Marriage. It’s complicated, yes. But the kind of complications that director Kalairasan Thangavelu wants to portray in “Aan Paavam Pollathathu” is laughable. And fair warning, this review is going to rambling and choppy because I’m literally tripping over in my brain in indignance and annoyance.
Sakthi (Malavika Manoj), who sees herself as a fierce feminist, independent, and progressive in her thinking marries Siva (Rio Raj). At first, Siva seems different from other men. During the bride-seeing ceremony, he foregoes his place on the sofa to sit on the floor with Sakthi. Ask her to sit on a chair or I will sit down with her, he says. This was the last pin to fall and Sakthi is bowled over. And yet, in a year, Siva is seeking a divorce.
When the movie released, I was encouraged by the number of positive reviews it received and I put it on my To-Watch list. A movie about feminism, women’s empowerment? Of course, a must-watch!

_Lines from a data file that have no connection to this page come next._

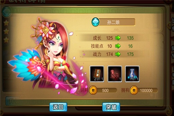 武将突破:武将最多可突破20次,每一次突破都可以提升武将的成长、技能点和战力。在游戏中,于聚义厅中点击武将,在武将详情中,可以点击突破,消耗突破材料和铜钱来提升武将的突破次数。
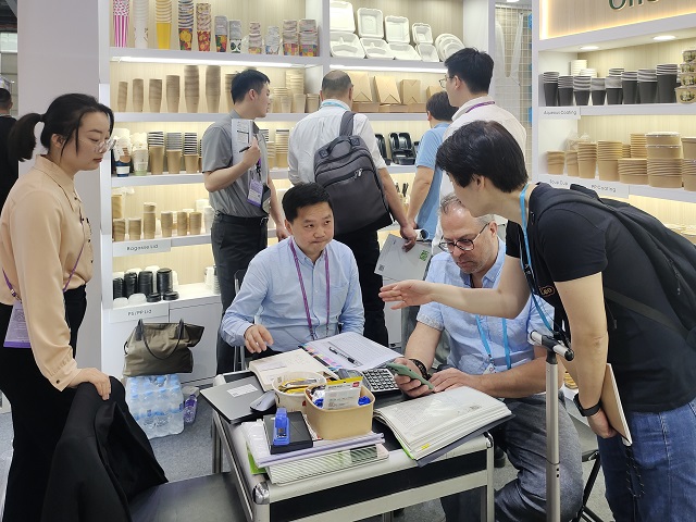 安糧家居展位由安糧國際日用品事業(yè)部攜數(shù)百款單品展出,產(chǎn)品幾乎覆蓋一次性餐廚全套系列。本次展會重點推出了全新的PHA高端系列以及壽司盒、紙盤、甘蔗漿吸管、超細(xì)纖維抹布等新品,在館內(nèi)格外醒目、深受青睞。此外,部門順應(yīng)綠色環(huán)保趨勢,推出了一系列最新環(huán)保產(chǎn)品,吸引了不少具有環(huán)保意識的客戶群體關(guān)注。攤位模擬國外超市擺放,仿造小型超市。擺放的產(chǎn)品統(tǒng)一設(shè)計包裝,著眼聚焦“產(chǎn)品系列化+全流程服務(wù)”,為全球采購商提供便利的“一站式采購服務(wù)”,獲得新老客戶的一致認(rèn)可與好評。
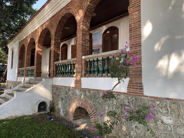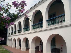 廊以綠釉瓶飾欄杆並刷上⽩⾊ 的粉牆,鮮豔的顏⾊不同於安 平傳統的建築。具正⾯主樓 梯、三⾯拱廊、⽊桁架及舖⽡ ⼆層。
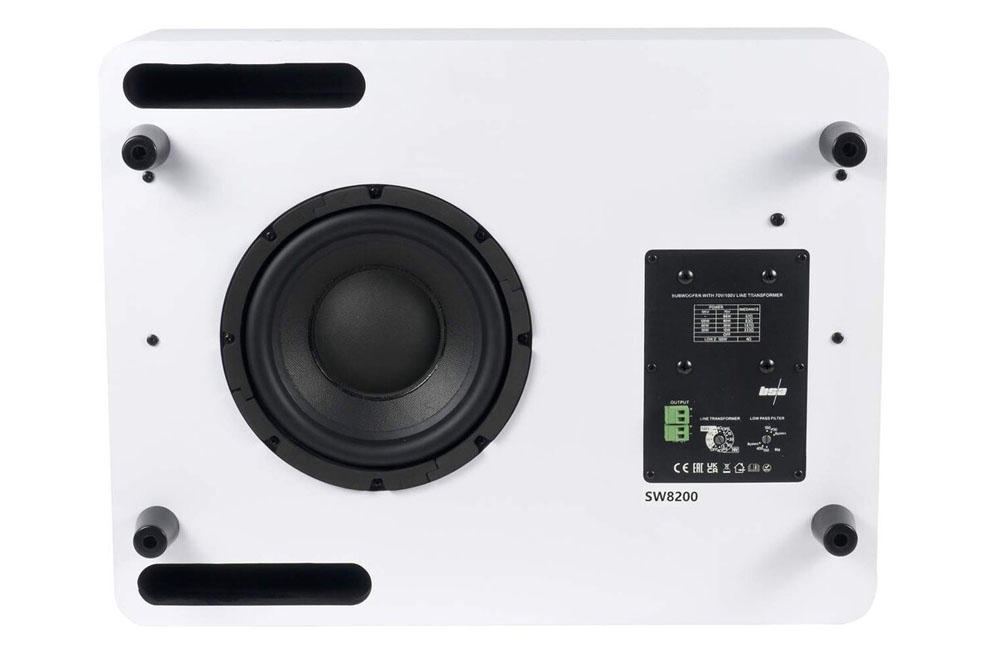 BS Acoustic SW8200 – 8″ inštalačný subwoofer pre 100V rozvody s možnosťou nízkoimpedančného zapojenia • Kompaktné rozmery • Osadený 8″ meničom • Učený pre 70/100V rozvody s možnosťou nízkoimpedančného pripojenia 4 ohm • Prepínateľný Low pass filter • Nastavenie príkonu 120/60/30W pre 100V • Vhodný aj na inštaláciu na stenu • Farebné prevedenie: White • Cena za KUS
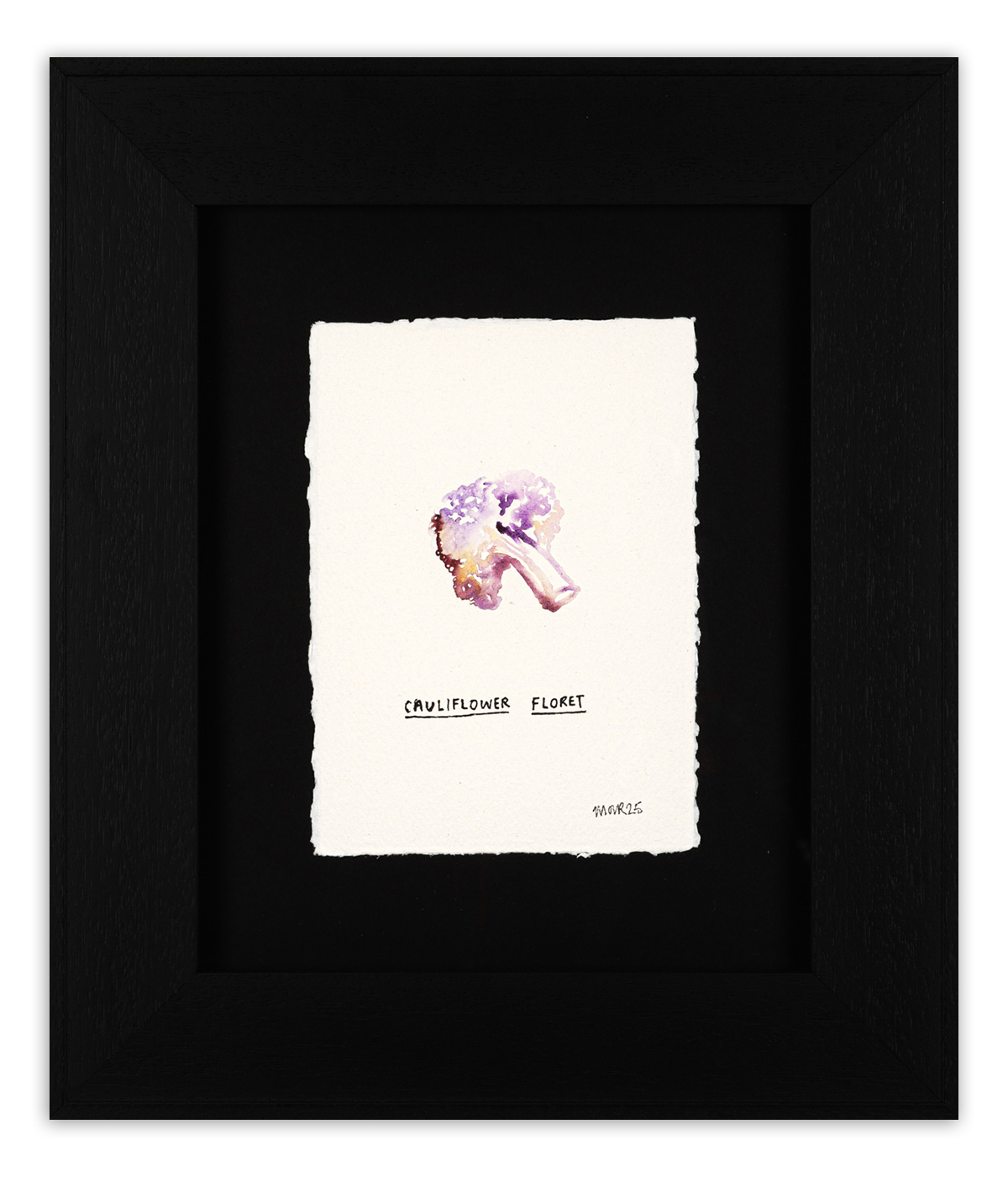 From Jim Moir’s Scran series. A small cauliflower floret painted with subtle purple and cream tones.
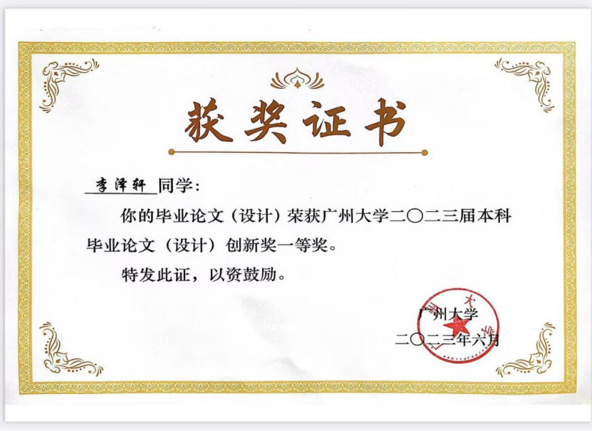 李泽轩:一等奖

Oh boy, I didn’t know I was in for such a big disappointment. In fact, I was annoyed at the end of it. I don’t like the bride-seeing ceremony where a woman has to parade to be assessed. But Sakthi does it gladly enough. Okay, perhaps she couldn’t take family pressure. Fine. The rest of her “fierce” personality entails sporting pictures of Karl Marx, Ambedkar, and Gandhi in her room and saying “it’s my choice” every 10 minutes. She doesn’t have a job to support herself. She doesn’t display an interest in anything outside of Siva. She spends her day scrolling Instagram and making reels. All of a sudden she voices her interest in opening a beauty parlour, which has to be funded by Siva. And when he refuses, she loses her shit and then turns into this scheming, heartless person who cannot stay with this man any more because she “doesn’t want to be a slave” like her mother.
Sakthi is portrayed as wilful, arrogant, immature, shallow, and vacuous. This is the director’s version of a woman who is independent and progressive. And the man? Siva is the poor guy who has to put up with Sakthi’s tantrums, who has to bear the financial burdens of “maintaining” her, and also be emotionally sensitive. The incidents that break the marriage are non-incidents. Sakthi is constantly asked to be “proper”. When she sits with her legs crossed at a wedding it “doesn’t look good” when there are elders. When she refuses to delete a reel where men make lewd comments she is being impossible.
In the end, we get a lecture on why the man is the most wronged person on earth. Of course, the lecture is from a man, aimed at women. Men have a harsh life because they work all day and all they want is to care for and protect their family. So why can’t the women understand and adjust?
I can write another 800 words on this movie but I’ll stop. It’s an ode to patriarchy and victimhood of men. And now I know why this movie did fairly well commercially. The audience was surely the poor men who were escaping the torture of their wives.